I think that 60% of this loss will come from the financial sector, while the remaining part will come from the real estate sector. It is highly probable that in the next few months countries with the need for high foreign financing will enter a phase of turbulence and that these countries will be weakened financially. Especially for the aviation sector in North America, the rumors of expected bankruptcies are causing a troublesome situation for the sector itself. We all know that the aircraft fleets abandoned at airports will not be able to pay their debts. We will see how much longer the financial markets can carry on with these delays. The hot money flow capacity of countries such as the United Arab Emirates, Italy, Spain and Tunisia has decreased to almost zero, as they have not been able to exceed 25% of the tourism demand and occupancy, which will cause more serious economic constriction in the upcoming summer month.

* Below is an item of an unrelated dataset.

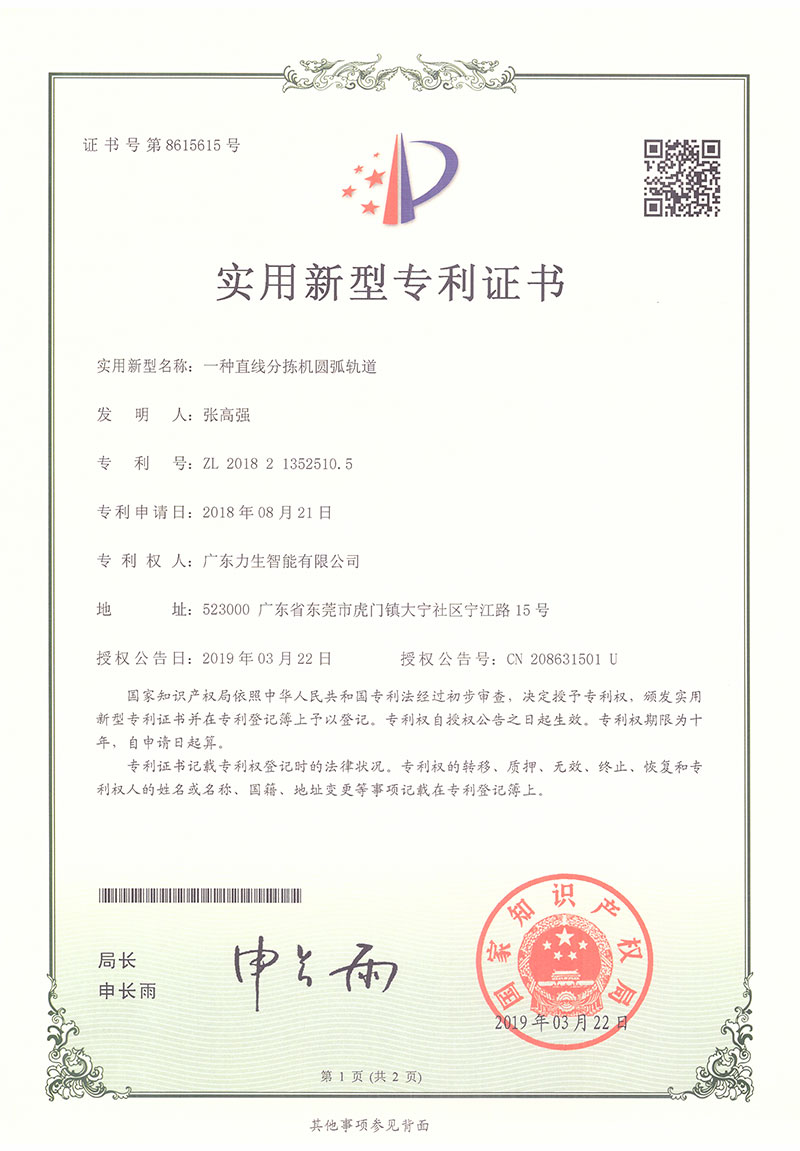 Utility model patent certificate A kind of arc track for linear sorter
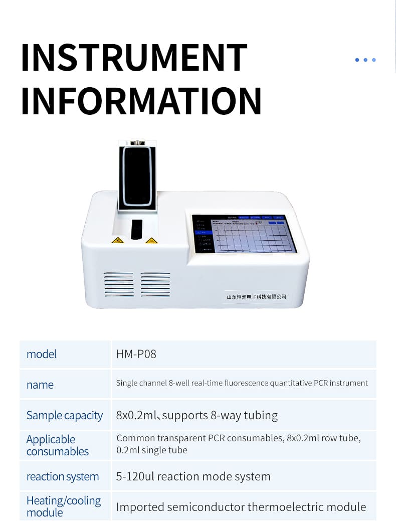 The principle of HM-P16 real-time fluorescence quantitative PCR instrument: Polymerase chain reaction (PCR) is a molecular biology technology used to amplify specific DNA fragments. It can be seen as a special DNA amplification in vitro, consisting of several steps such as high-temperature denaturation, low-temperature annealing, and appropriate temperature extension to form a temperature cycle, allowing the target gene to be rapidly amplified. It has strong specificity, high sensitivity, simple operation, and time-saving characteristics, and is a major innovation in gene amplification technology. PCR technology can specifically amplify extremely small amounts of target DNA by millions of times, greatly improving the analysis and detection capabilities of DNA molecules.

We know that the loan structuring rates in Italy, Portugal and Spain have reached their highest levels in the last 15 years. However, we also know that retail giants in the U.K. are having a hard time. Finally, the bankruptcy of the Italian restaurant chain Carluccio's, which has 73 restaurants in England and Ireland, is another indicator that the domino effect will continue. The riskiest possibility is that supply chains and logistic networks will collapse if the outbreak continues beyond six months, which will lead to higher commodity costs globally.
I do not think in any way that this ecosystem, whose capital-making abilities have weakened, has the power to fight inflation. I predict that the biggest global risk for the future will not be demand, but a global-scale inflationary pressure. In this regard, countries should give up this vicious cycle of trade wars as soon as possible and support the market with cheap products and assurances for supply chains, not with expansionary policies and liquidity.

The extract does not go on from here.